Thanks for the insights! Very interesting!

As far as I understand, you want to atomically update the state store from the transaction buffer, flush the memtable of a state store and write the checkpoint not after the commit time elapsed but after the transaction buffer reached a size that would lead to exceeding statestore.transaction.buffer.max.bytes before the next commit interval ends. That means, the Kafka transaction would commit every commit interval but the state store will only be atomically updated roughly every statestore.transaction.buffer.max.bytes of data. Also IQ would then only see new data roughly every statestore.transaction.buffer.max.bytes. After a failure the state store needs to restore up to statestore.transaction.buffer.max.bytes.

Is this correct?

What about atomically updating the state store from the transaction buffer every commit interval and writing the checkpoint (thus, flushing the memtable) every configured amount of data and/or number of commit intervals?
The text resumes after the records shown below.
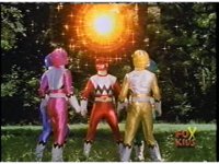 The Rangers pose, causing a flurry of golden sparkles to flash behind them. |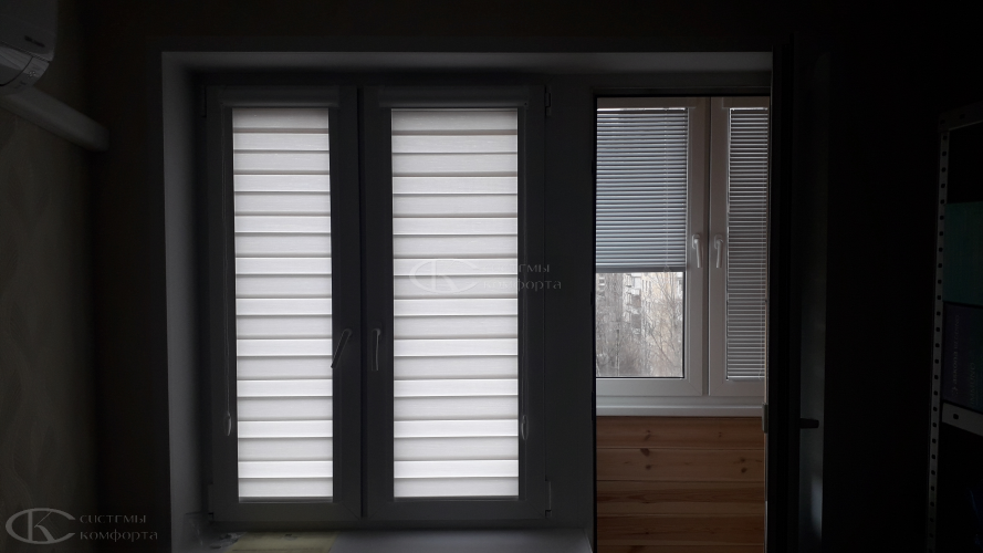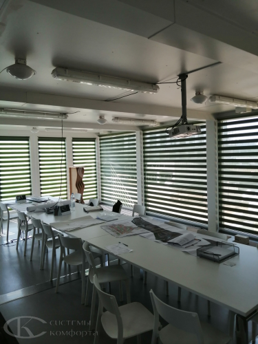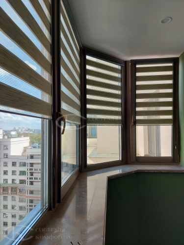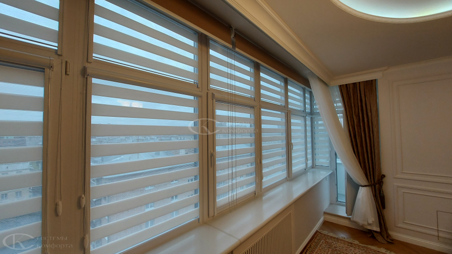 Это универсальные светозащитные системы, которые органично вписываются в любой интерьер. Комбинация поперечных чередующихся полос плотной и прозрачной ткани позволяет быстро и точно управлять светом, не жертвуя эстетикой.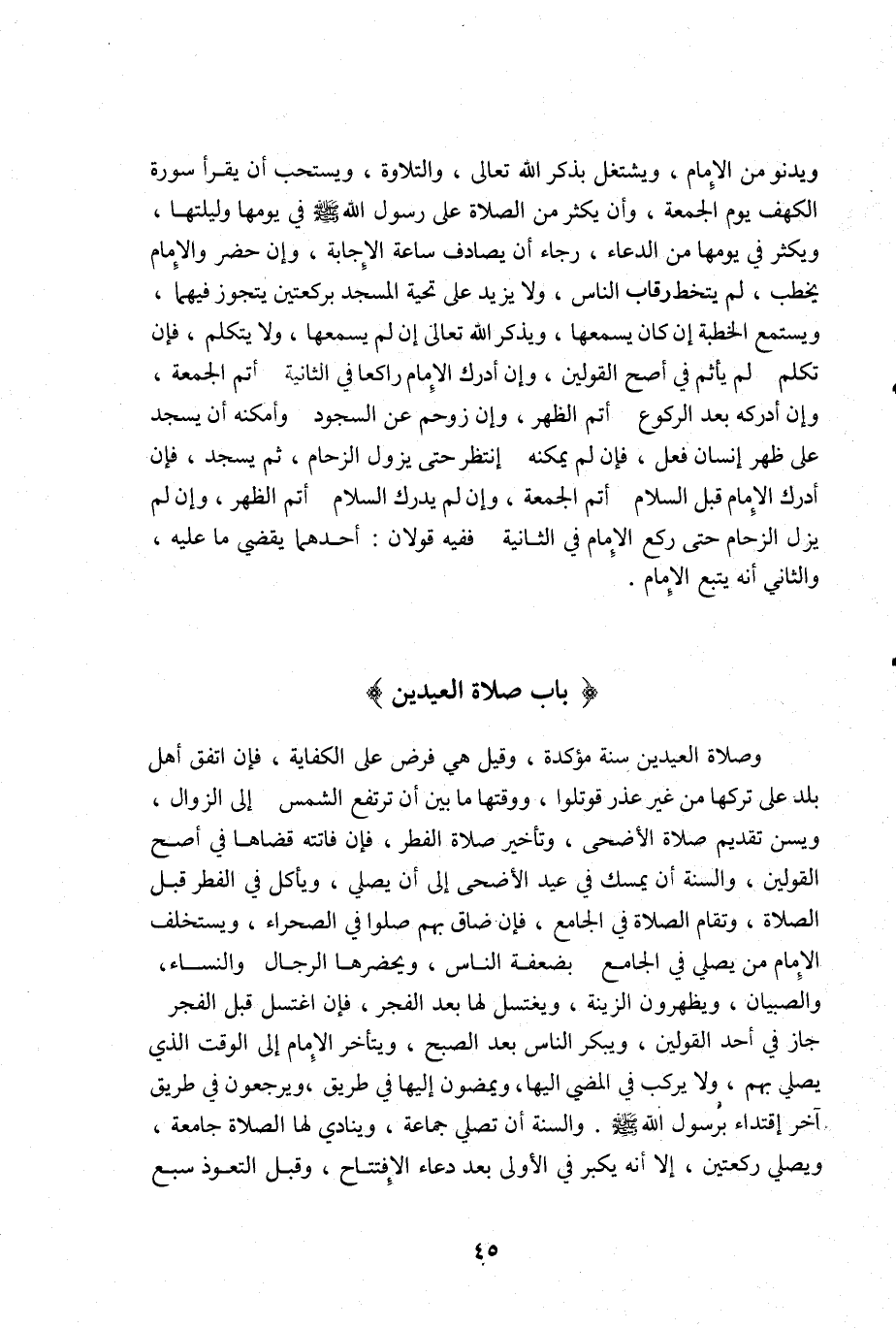وصلاة العيدين سنة مؤكدة وقيل هي فرض على الكفاية فإن اتفق أهل بلد على تركها من غير عذر قوتلوا ووقتها ما بين أن ترتفع الشمس الى الزوال ويسن تقديم صلاة الأضحى وتأخير صلاة الفطر فإن فاتته قضاها في أصح القولين والسنة أن يمسك في عيد الأضحى الى أن يصلي ويأكل في الفطر قبل الصلاة وتقام الصلاة في الجامع فإن ضاق بهم صلوا في الصحراء ويستخلف الامام من يصلي في الجامع بضعفة الناس ويحضرها الرجال والنساء والصبيان ويظهرون الزينة ويغتسل لها بعد الفجر فإن اغتسل قبل الفجر جاز في أحد القولين ويكبر الناس بعد الصبح ويتأخر الامام الى الوقت الذي يصلي بهم ولا يركب في المضي اليها ويمضون اليها في طريق ويرجعون في طريق آخر اقتداء برسول الله صلى الله عليه وسلم والسنة أن تصلي جماعة وينادي لها الصلاة جامعة ويصلي ركعتين إلا أنه يكبر في الأولى بعد دعاء الافتتاح وقبل التعوذ سبع

In such a way, we would have the same delay for records appearing in output topics and IQ because both would appear when the Kafka transaction is committed. However, after a failure the state store still needs to restore up to statestore.transaction.buffer.max.bytes and it might restore data that is already in the state store because the checkpoint lags behind the last stable offset (i.e. the last committed offset) of the changelog topics. Restoring data that is already in the state store is idempotent, so eos should not violated. This solution needs at least one new config to specify when a checkpoint should be written.



A small correction to your previous e-mail that does not change anything you said: Under alos the default commit interval is 30 seconds, not five seconds.


Best,
Bruno


On 01.07.23 12:37, Nick Telford wrote:
Hi everyone,

I've begun performance testing my branch on our staging environment,
putting it through its paces in our non-trivial application. I'm already
observing the same increased flush rate that we saw the last time we
attempted to use a version of this KIP, but this time, I think I know why.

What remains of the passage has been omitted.